What you are asked to do: With the pictures omitted, repeat exactly the lines below starting with the line that has "またまた、うちの花。 松葉牡" and going on through the line that has "After decrypting the".

---------- Data ----------

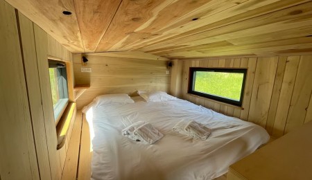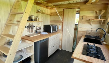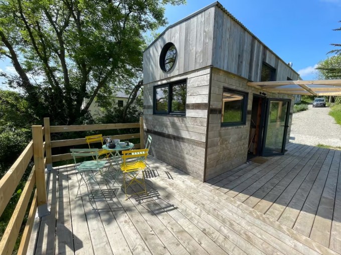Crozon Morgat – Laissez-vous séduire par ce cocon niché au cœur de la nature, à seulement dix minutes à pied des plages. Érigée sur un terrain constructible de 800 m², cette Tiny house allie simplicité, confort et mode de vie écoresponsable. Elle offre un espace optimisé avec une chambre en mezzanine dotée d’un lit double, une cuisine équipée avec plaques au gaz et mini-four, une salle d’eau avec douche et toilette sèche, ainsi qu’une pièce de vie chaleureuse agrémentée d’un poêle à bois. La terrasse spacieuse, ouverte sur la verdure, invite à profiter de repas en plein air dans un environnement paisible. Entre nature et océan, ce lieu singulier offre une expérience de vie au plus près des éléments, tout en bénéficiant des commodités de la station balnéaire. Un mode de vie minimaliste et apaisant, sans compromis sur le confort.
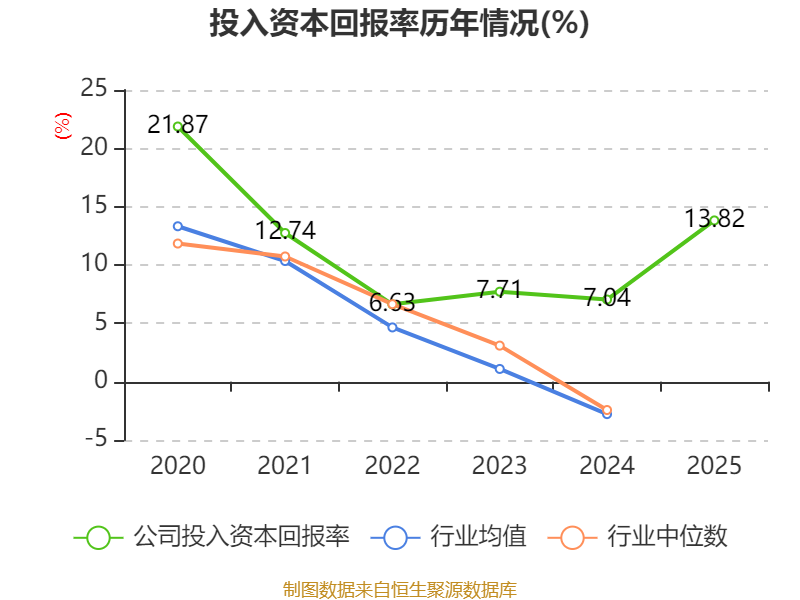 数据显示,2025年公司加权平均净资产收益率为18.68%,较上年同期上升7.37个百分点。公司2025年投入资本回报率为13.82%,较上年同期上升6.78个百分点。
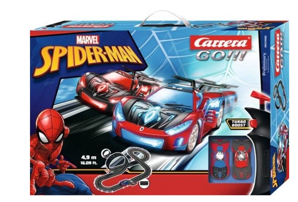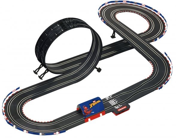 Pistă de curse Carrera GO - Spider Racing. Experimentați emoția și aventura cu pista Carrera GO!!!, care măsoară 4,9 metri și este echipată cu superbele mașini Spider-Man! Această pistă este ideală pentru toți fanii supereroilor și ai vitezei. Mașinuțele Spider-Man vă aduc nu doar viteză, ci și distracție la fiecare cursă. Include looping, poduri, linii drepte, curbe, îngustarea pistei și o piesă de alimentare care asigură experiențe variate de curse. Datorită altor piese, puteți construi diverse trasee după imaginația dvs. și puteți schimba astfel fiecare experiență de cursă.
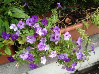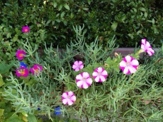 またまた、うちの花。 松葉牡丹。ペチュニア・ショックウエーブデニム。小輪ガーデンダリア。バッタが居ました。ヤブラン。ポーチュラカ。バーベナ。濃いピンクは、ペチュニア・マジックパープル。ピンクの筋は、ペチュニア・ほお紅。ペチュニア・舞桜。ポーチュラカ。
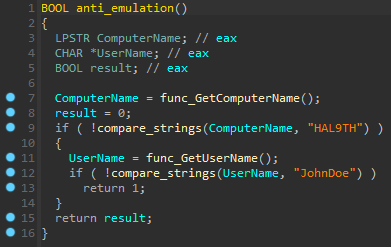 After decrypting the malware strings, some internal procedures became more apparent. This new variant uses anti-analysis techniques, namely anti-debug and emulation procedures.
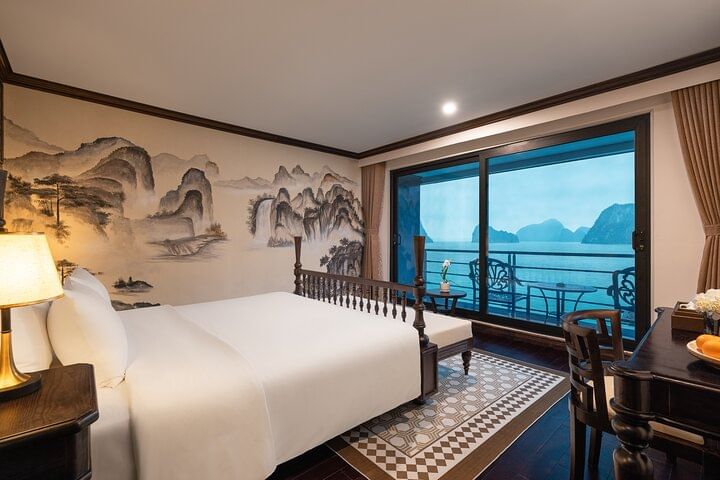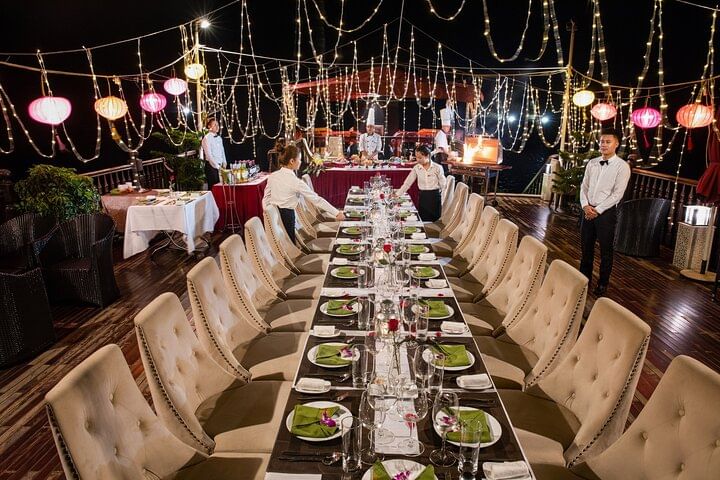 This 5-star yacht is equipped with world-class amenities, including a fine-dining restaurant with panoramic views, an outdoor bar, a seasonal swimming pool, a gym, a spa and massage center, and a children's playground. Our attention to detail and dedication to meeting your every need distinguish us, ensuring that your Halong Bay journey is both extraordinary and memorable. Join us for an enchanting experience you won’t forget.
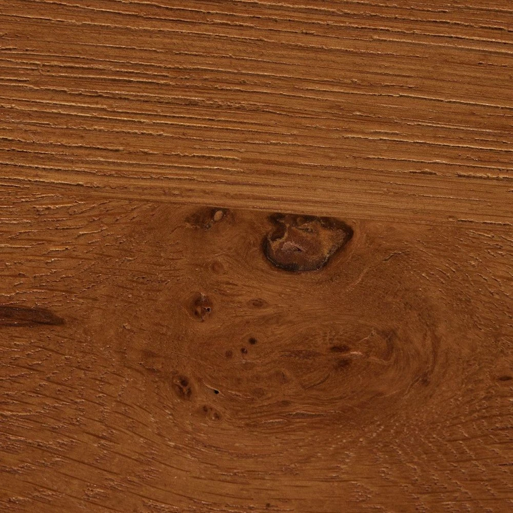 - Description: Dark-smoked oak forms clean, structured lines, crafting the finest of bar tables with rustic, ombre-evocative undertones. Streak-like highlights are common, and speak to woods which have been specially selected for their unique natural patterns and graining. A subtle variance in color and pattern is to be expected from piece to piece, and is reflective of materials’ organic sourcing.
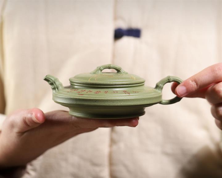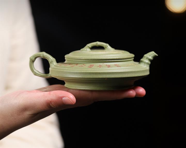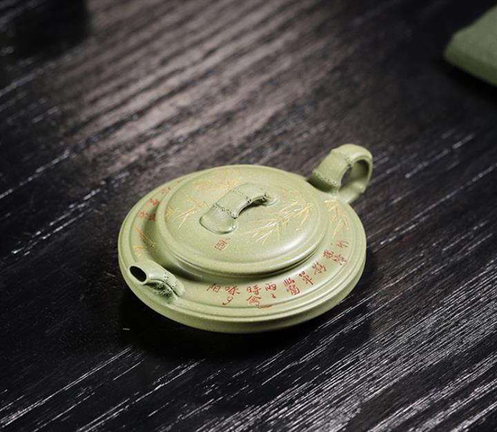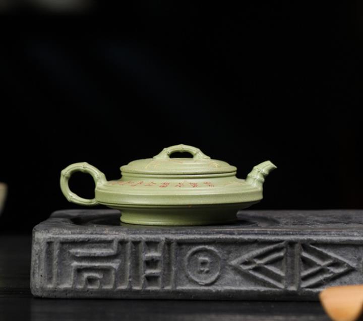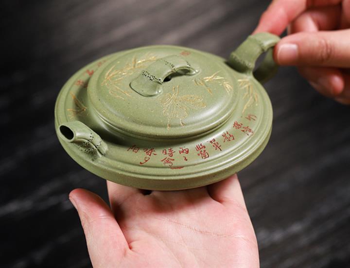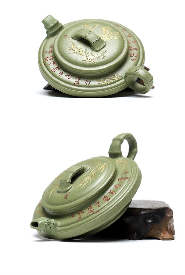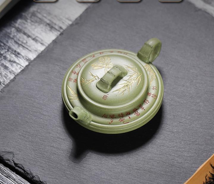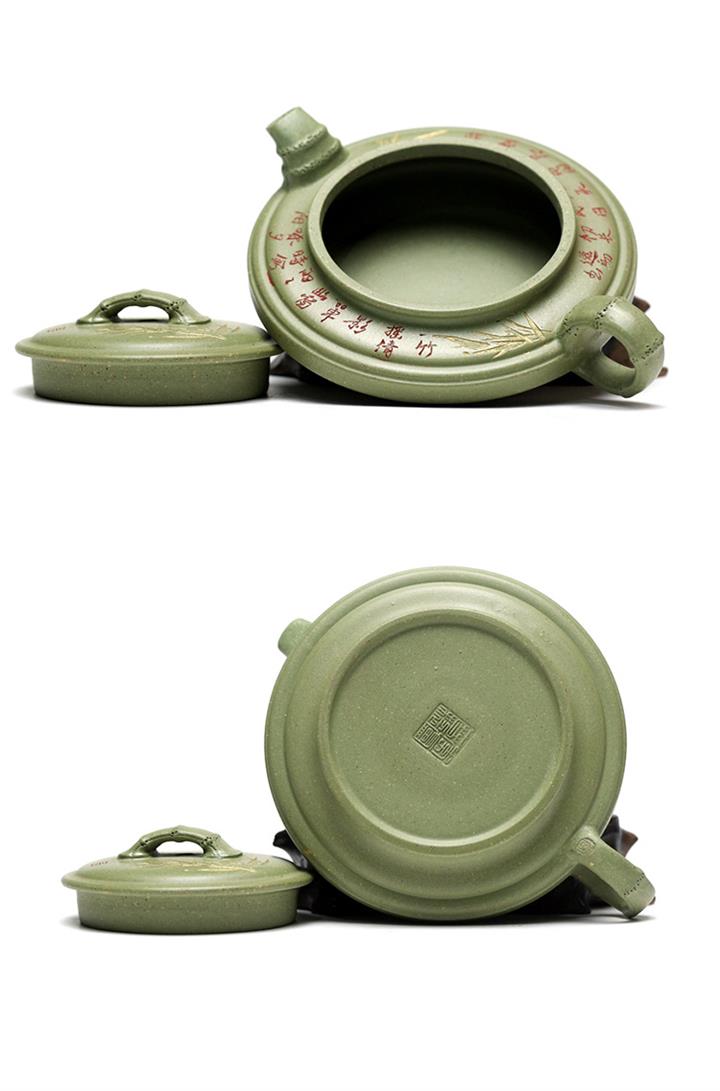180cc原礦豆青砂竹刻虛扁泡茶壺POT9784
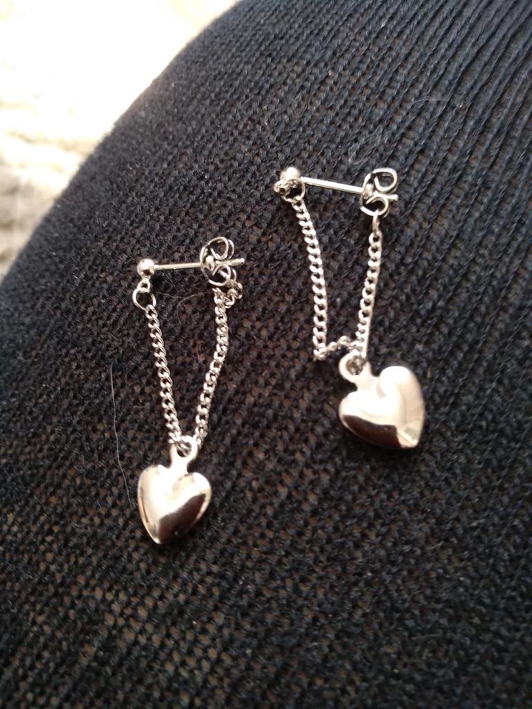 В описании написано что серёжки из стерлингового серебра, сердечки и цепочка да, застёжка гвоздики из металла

----------

Exercise answer:
 またまた、うちの花。 松葉牡丹。ペチュニア・ショックウエーブデニム。小輪ガーデンダリア。バッタが居ました。ヤブラン。ポーチュラカ。バーベナ。濃いピンクは、ペチュニア・マジックパープル。ピンクの筋は、ペチュニア・ほお紅。ペチュニア・舞桜。ポーチュラカ。
 After decrypting the malware strings, some internal procedures became more apparent. This new variant uses anti-analysis techniques, namely anti-debug and emulation procedures.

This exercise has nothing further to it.